Publication date: 2003-08-11
First Published In: Book
Authors: Kenneth S. Deffeyes
Review from Scientific American:
You have to wonder about the judgment of a man who writes, “As I drive by those smelly refineries on the New Jersey Turnpike, I want to roll the windows down and inhale deeply.” But for Kenneth S. Deffeyes, that’s the smell of home. The son of a petroleum engineer, he was born in Oklahoma, “grew up in the oil patch,” became a geologist and worked for Shell Oil before becoming a professor at Princeton University. And he still knows how to wield a 36-inch-long pipe wrench.
In Hubbert’s Peak, Deffeyes writes with good humor about the oil business, but he delivers a sobering message: the 100-year petroleum era is nearly over. Global oil production will peak sometime between 2004 and 2008, and the world’s production of crude oil “will fall, never to rise again.” If Deffeyes is right–and if nothing is done to reduce the increasing global thirst for oil–energy prices will soar, and economies will be plunged into recession as they desperately search for alternatives.
It’s tempting to dismiss Deffeyes as just another of the doomsayers who have been predicting, almost since oil was discovered, that we are running out of it. But Deffeyes makes a persuasive case that this time it’s for real. It is an oilman and geologist’s assessment of the future, grounded in cold mathematics. And it’s frightening. Deffeyes’s prediction is based on the work of M. King Hubbert, a Shell geologist who in 1956 predicted that U.S. oil production would peak in the early 1970s and then begin to decline. Hubbert was dismissed by many experts inside and outside the oil industry. Pro-Hubbert and anti-Hubbert factions arose and persisted until 1970 when U.S. oil production peaked and started its long decline.
The Hubbert method is based on the observation that oil production in any region follows a bell-shaped curve. Production increases rapidly at first, as the cheapest and most readily accessible oil is recovered. As the difficulty of extracting the oil increases, it becomes more expensive and less competitive with other fuels. Production slows, levels off and begins to fall.
Hubbert demonstrated that total U.S. oil production in 1956 was tracing the upside of such a curve. To know when the curve would most likely peak, however, he had to know how much oil remained in the ground. Underground reserves provide a glimpse of the future: when the rate of new discoveries does not keep up with the growth of oil production, the amount of oil remaining underground begins to fall. That’s a tip-off that a decline in production lies ahead.
Deffeyes used a slightly more sophisticated version of the Hubbert method to make the global calculations. The numbers pointed to 2003 as the year of peak production, but because estimates of global reserves are inexact, Deffeyes settled on a range from 2004 to 2008. Three things could upset Deffeyes’s prediction. One would be the discovery of huge new oil deposits. A second would be the development of drilling technology that could squeeze more oil from known reserves. And a third would be a steep rise in oil prices, which would make it profitable to recover even the most stubbornly buried oil.

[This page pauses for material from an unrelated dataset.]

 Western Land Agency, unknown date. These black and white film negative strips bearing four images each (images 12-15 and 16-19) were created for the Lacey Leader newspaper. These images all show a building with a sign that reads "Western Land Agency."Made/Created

In a delightfully readable and informative primer on oil exploration and drilling, Deffeyes addresses each point. First, the discovery of new oil reserves is unlikely–petroleum geologists have been nearly everywhere, and no substantial finds have been made since the 1970s. Second, billions have already been poured into drilling technology, and it’s not going to get much better. And last, even very high oil prices won’t spur enough new production to delay the inevitable peak.

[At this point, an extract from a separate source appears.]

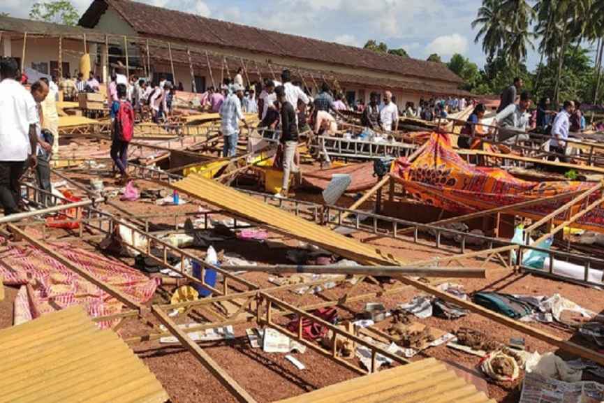 മൽസരങ്ങൾ നടന്ന പ്രധാന വേദിയിൽ, തകര ഷീറ്റും ഇരുമ്പ് കമ്പിയും ഉപയോഗിച്ച് നിർമിച്ച പന്തലാണ് തകർന്ന് വീണത്. ഉച്ചഭക്ഷണത്തിന്റെ ഇടവേളയായതിനാൽ കൂടുതൽ കുട്ടികൾ പന്തലിൽ നിന്ന് മാറിയിരുന്നു. അതുകൊണ്ട് വലിയ ദുരന്തം ഒഴിവായി. പന്തൽ നിർമാണത്തിലെ അപാകതയാണ് അപകടത്തിലേക്ക് നയിച്ചതെന്നാണ് പ്രാഥമിക നിഗമനം. സംഭവത്തിൽ മഞ്ചേശ്വരം പൊലീസ് അന്വേഷണം ആരംഭിച്ചിട്ടുണ്ട്. പന്തൽ നിർമാതാക്കളായ ഗോകുൽ ദാസ്, ബഷീർ, അലി എന്നിവർ പോലീസ് കസ്റ്റഡിയിലാണ്.

“This much is certain,” he writes. “No initiative put in place starting today can have a substantial effect on the peak production year. No Caspian Sea exploration, no drilling in the South China Sea, no SUV replacements, no renewable energy projects can be brought on at a sufficient rate to avoid a bidding war for the remaining oil.”
The only answer, Deffeyes says, is to move as quickly as possible to alternative fuels–including natural gas and nuclear power, as well as solar, wind and geothermal energy. “Running out of energy, in the long run, is not the problem,” Deffeyes explains. “The bind comes during the next ten years: getting over our dependence on crude oil.”
The petroleum era is coming to a close. “Fossil fuels are a one-time gift that lifted us up from subsistence agriculture and eventually should lead us to a future based on renewable resources,” Deffeyes writes. Those are strong words for a man raised in the oil patch. For the rest of us, the end of the world’s dependence on oil means we need to make some tough political and economic choices. For Deffeyes, it means he can’t go home again.